Refugee reception and housing practices in Greece. Notes from a workshop on inclusiveness and development planning.
By Carlotta Fontana Valenti, on 23 May 2018
This is a short story from a contested place: the town of Kilkis, located 40 km’s away from the border between Greece and the Former Yugoslav Republic of Macedonia (FYROM) where, as in other rural areas in Greece, the economic crisis brought unemployment and depopulation. For its crucial location at the crossroads of migration routes, Kilkis has also been at the centre of the tragic events during the so called refugee crisis of 2015. Over a mid-November night that year, Macedonia, Croatia and Serbia decided, almost simultaneously, to close their borders and modify the conditions of entrance to those in transit towards Northern Europe.
Thousands of people found themselves stranded in a small village of 154 inhabitants. This is how Idomeni became the largest unofficial camp in Greece and remained such for more than a year. In the absence of international aid, activist and citizen groups were active in the area since the summer of 2015 providing basic assistance to those living in the camp or in transit. Lately in 2016, with the arrival of international agencies, two military-run camps were formed in the surrounding areas of Kerso and Nea Kavala hosting 4.000 persons each.
Camp accommodation remains an inadequate and hopeless response to displacement, generating exclusion and contributing to increase physical and social segregation between residents and newcomers, preventing any form of encounter and reinforcing the narrative according to which displaced population constitute a threat to the local community. The unsustainability of the situation became evident to a group of local volunteers from Kilkis who soon started mobilising local resources to find a better solution to the crisis. Capitalising on hospitality practices rooted in the history of the country (Greece welcomed displaced population after the fall of the Ottoman Empire and from the Republic of Turkey between 1918 and 1930), families in Kilkis opened their doors to refugees.
It is in this context that the OMNES volunteer association started operating to implement a three-folded pilot project based on: 1) providing dignified housing for vulnerable people; 2) facilitating trust-building between residents and newcomers through the creation of an inclusion centre; 3) supporting income and skills generating activities to promote social and economic development starting from local resources. OMNES’ holistic approach to inclusion recognises home as the core of physical, social and psychological wellbeing of its occupants (Dayarante & Kellet, 2008) with the belief that, by providing dignified housing solutions, people in transit become better able to find security and trust toward collaborating with the local community.
As part of a small initiative funded by seeds research funds of DPU and embedded onto a longer term action research engagement with local governments and NGOs operating in refugee housing provision and hosting practices in Southern Europe, I embarked on a visit to Kilkis during an international workshop/Urban Laboratory held in Thessaloniki between 12th-15th of April. The initiative, ‘Planning for Inclusive Cities’, aimed to bring together Mayors, Institutions and CSO from Greece and others cities in Europe to open a cross-country dialogue and a learning exchange platform on inclusive practices.
As the Vice Mayor of Athens argued during the workshop “Inclusion is our future challenge and cities are the ‘battleground’”; but “cities” another participant argued “cannot be left alone in dealing with inclusion.
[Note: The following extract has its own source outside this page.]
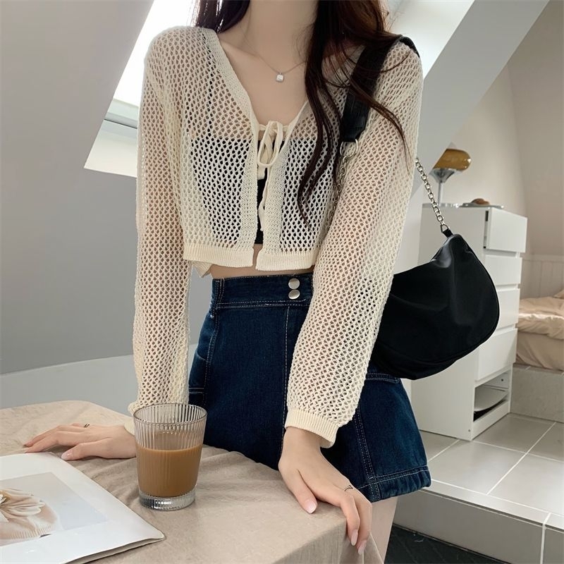 Vogue🌟พร้อมส่ง🌟 เสื้อคลุมไหมพรมแขนยาว ดีเทลถักไหมพรม ซีทรูเบาๆน่ารัก (3186) -C

The task requires the broad involvement of state actors and the effective coordination of multiple stakeholders”. Across the discussion panels, from both politicians and local actors, Kilkis’ pilot project was regarded as the paradigmatic case for the promotion of inclusion through local development.
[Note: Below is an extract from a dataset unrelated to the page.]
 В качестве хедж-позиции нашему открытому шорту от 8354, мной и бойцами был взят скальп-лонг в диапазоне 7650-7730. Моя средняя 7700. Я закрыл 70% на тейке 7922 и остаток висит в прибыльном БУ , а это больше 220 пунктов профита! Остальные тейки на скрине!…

Nevertheless, despite its successful outcomes, some questions arose. What is the long-term sustainability of a pilot project if it remains an isolated case within an atomised landscape of accommodation practices? How could the Kilkis project be scaled up at country level, and what is the potential applicability in cities such as Athens or Thessaloniki that present a completely different social fabric? What became clear during the three-day workshop is that Greece is working toward the decentralisation of reception, accommodation and housing for refugees, as part of a national effort to reconcile inclusion and development.
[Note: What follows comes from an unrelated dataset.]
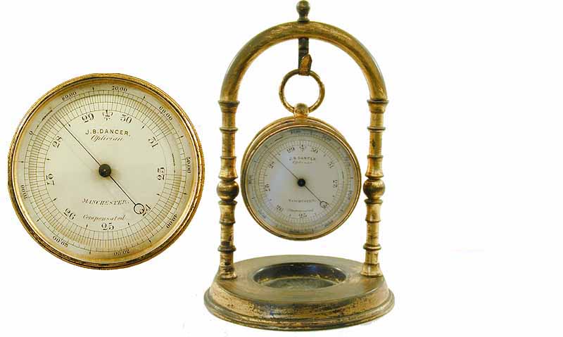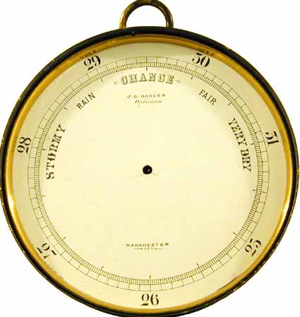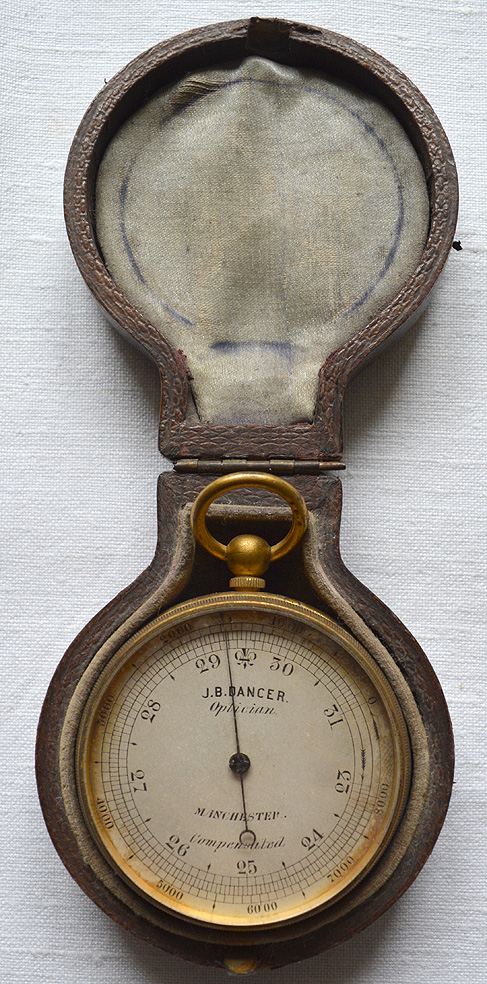 Coming from a line of barometer makers, it would seem inevitable that Dancer made all kinds of barometers. Many mercury tube based barometers are known and he even made the thermometers for Joules’ heat experiments. So far, I only have vacuum capsule barometers by Dancer –

The challenges to think differently the city, its design and its management in this era of increased migration and movement are great therefore calling for more action research to experiment solutions and policies that could inform new visions for city. The workshop, and the alliances that emerged with locally active NGOs as Help Refugees, OMNES, Philoxenya International, Greek Universities such as Harokopio, Crete and University of Macedonia in Thessalonikki , and the involvement in European pilot projects for Urban Integration (UIA Urban Innovative Actions) will be conducive to the development of a research proposal aligned to existing DPU projects led by Camillo Boano, Giovanna Astolfo and Ricardo Marten, including Refugee Cities and Borders and Camps; it also capitalises on and creates further opportunity for the annual BUDDcamps and the DPU SummerLAB 2018 in Athens.
Carlotta Fontana Valenti is a recent graduate of the MSc In Building and Urban Design in Development. Trained as architect, she works between Italy, Portugal and France. Recently, her research interest focus on migration studies, reception practices and the relationship between society and space.